If you are, and you haven’t read Iron John by Robert Bly, you’re missing a whole lot of insight into many of the cultural forces that have shaped what it means to be a man. But the thing is, it was published in 1990, though the fairy tale it refers to was written a very long time ago by the Brothers Grimm. Bly’s book was written at the end of Ronald Reagan’s Presidency, a full 20 years ago. So I’ve often wondered what Bly would say about how masculinity has changed over those 2 decades.
I was deep into my Saturday morning newspaper(s) euphoria this week-end, when I came across a story about a study done recently in Manchester, England about the effects of our changing economy on working class men, and by extension, masculinity. Titled “I can’t put a smiley face on”, and written by Darren Nixon of Leeds Memorial University in the UK, the article interviews long-term unemployed working class men to try to analyze why so many of them are basically unemployable.

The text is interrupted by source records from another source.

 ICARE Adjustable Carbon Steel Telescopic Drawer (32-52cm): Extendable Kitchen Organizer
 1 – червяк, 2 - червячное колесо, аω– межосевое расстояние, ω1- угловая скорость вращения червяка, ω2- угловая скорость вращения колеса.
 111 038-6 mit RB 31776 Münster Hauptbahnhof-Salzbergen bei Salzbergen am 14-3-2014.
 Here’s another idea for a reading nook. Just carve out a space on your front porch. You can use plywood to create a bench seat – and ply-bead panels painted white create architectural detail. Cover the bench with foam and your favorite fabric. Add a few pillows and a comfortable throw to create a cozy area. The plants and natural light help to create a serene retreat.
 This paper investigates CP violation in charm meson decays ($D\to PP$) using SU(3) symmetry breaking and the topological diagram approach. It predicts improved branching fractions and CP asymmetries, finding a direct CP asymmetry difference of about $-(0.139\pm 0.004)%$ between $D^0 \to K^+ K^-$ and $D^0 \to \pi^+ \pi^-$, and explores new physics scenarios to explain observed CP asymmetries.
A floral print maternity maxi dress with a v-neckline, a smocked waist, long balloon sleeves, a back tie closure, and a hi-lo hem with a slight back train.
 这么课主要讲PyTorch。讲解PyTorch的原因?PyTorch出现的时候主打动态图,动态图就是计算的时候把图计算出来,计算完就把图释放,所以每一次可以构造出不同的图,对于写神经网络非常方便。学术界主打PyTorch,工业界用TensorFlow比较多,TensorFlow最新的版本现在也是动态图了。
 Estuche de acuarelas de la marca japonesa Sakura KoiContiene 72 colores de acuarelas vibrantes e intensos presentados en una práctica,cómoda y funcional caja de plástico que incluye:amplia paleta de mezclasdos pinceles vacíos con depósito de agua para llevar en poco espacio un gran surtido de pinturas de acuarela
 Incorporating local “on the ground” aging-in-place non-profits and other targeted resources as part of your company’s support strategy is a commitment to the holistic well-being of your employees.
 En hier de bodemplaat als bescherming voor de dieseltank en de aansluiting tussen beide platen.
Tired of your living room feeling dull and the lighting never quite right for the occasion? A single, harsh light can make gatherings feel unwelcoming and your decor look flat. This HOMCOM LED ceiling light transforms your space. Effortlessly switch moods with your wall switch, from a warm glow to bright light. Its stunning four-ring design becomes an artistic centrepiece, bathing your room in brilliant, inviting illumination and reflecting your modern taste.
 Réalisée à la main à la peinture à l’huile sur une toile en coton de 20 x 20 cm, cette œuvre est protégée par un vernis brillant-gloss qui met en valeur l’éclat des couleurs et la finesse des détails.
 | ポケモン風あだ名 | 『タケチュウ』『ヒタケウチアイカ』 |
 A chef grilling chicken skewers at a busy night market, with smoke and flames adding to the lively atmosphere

The backdrop of the study is the de-industrialization of, in this case, the UK. With the loss of manufacturing jobs, and the growth of the service economy, many of the “working class” (his words, not mine) men have not been able to adapt to find work in service jobs, and the author draws the conclusion that it is because service jobs require behavior that is antithetical to their view of themselves and their masculinity. As Nixon writes “Responding to the demands of customer sovereignty unquestionably is antithetical to young working-class men whose culture valorizes sticking up for yourself”. Margaret Wente, the Globe & Mail columnist who covered the study, wrote “His point is clear. The defining value of working class masculinity is the ability to stick up for yourself when someone tries to give you shit. The defining requirement of service work is (in the view of the study respondents) having to eat it”.
A word of caution before we try to extrapolate these findings to North America. The class structure in the UK is rock solid and a thousand years old. I haven’t seen the research but I would presume that working class masculinity in the UK is much more sharply defined than is blue collar masculinity in North America. But I’d bet they’re at least cousins. So what Nixon uncovered in the UK is at least somewhat at work here at home.
It seems a poignant time to recognize the potential implications on masculinity of the transformation of our Western economies, what with the growth of the service economy at the expense of what would historically be called manual labor. And with this being the week in which General Motors is likely to file for bankruptcy protection in both the U.S and Canada.
So what do we do with this? As is always the case, there are 2 macro strategies if you’re marketing a product and you feel a seismic shift in the ground under your feet. Go with it. Or go against it. In other words, either embrace the softer side of maleness in the way you position and communicate a product to guys, or go the other way and be the bastion of old-fashioned male-ness.
At zig we always root our strategy process in a “Cultural Debate”, a long-term and topical issue that our target audience is talking about, reading about, and living. We believe picking the right cultural debate to participate in gives our ideas a cultural currency that causes them to take on a life of their own thanks to our target’s willingness to spread them within their communities. “What does it mean to be a guy right now” is about as interesting and powerful a debate as there is.